ETSY sellers may try to sell on their own website in order to avoid commission fees. Through services like Shopify, sellers may be able to host their own e-commerce stores. I expect overall sales to remain reliant on ETSY’s sales funnel, and ETSY’s diverse list of stores helps mitigate the risk of any one seller moving off the platform.
ETSY might not be able to show the operating leverage that I anticipate. I see two main scenarios that this might occur. ETSY might have to compete on commission fees if another e-commerce platform poses competition. ETSY might also have to continually increase its sales & marketing expense to third-party advertisements like Google if it is unable to build strong enough name brand recognition.
Conclusion
While ETSY has run up dramatically since only several years ago, much of that outperformance appears to have been due to the absurd undervaluation at which the shares had traded before.
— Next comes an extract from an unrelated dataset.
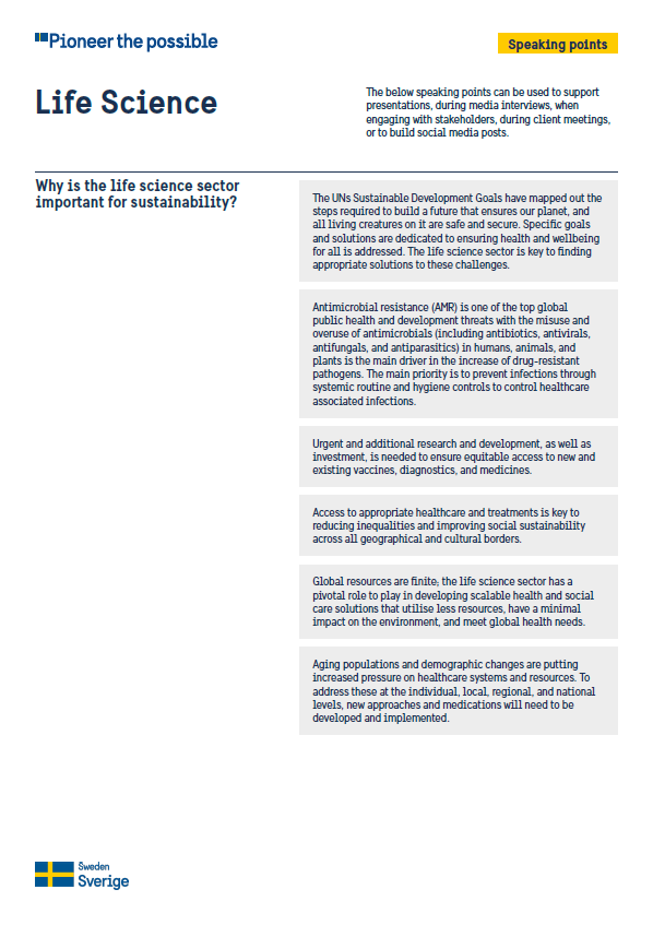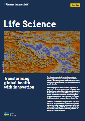 Life science sector – Transforming global health with innovation Log in and apply Photo: Sofia Sabel/imagebank.sweden.se About the life science sector Sweden is at the forefront of digital health, precision medicine, and pharmaceutical manufacturing, underpinned by a robust academic and research sector and advanced technology. With 70+ incubators, testbeds, and science parks, Sweden is the ideal partner to advance life science innovation. You can use this toolkit to attract trade and investment within the life science sector.

The pandemic has boosted ETSY’s business and brand recognition, positioning it nicely to continuing taking market share in the overall e-commerce market. While the current valuation might not make undervaluation immediately apparent, the high profitability and potential for operating leverage suggests that if ETSY can keep up robust growth rates, then it should produce returns far outpacing the broader market. I rate shares a strong buy for long term investors.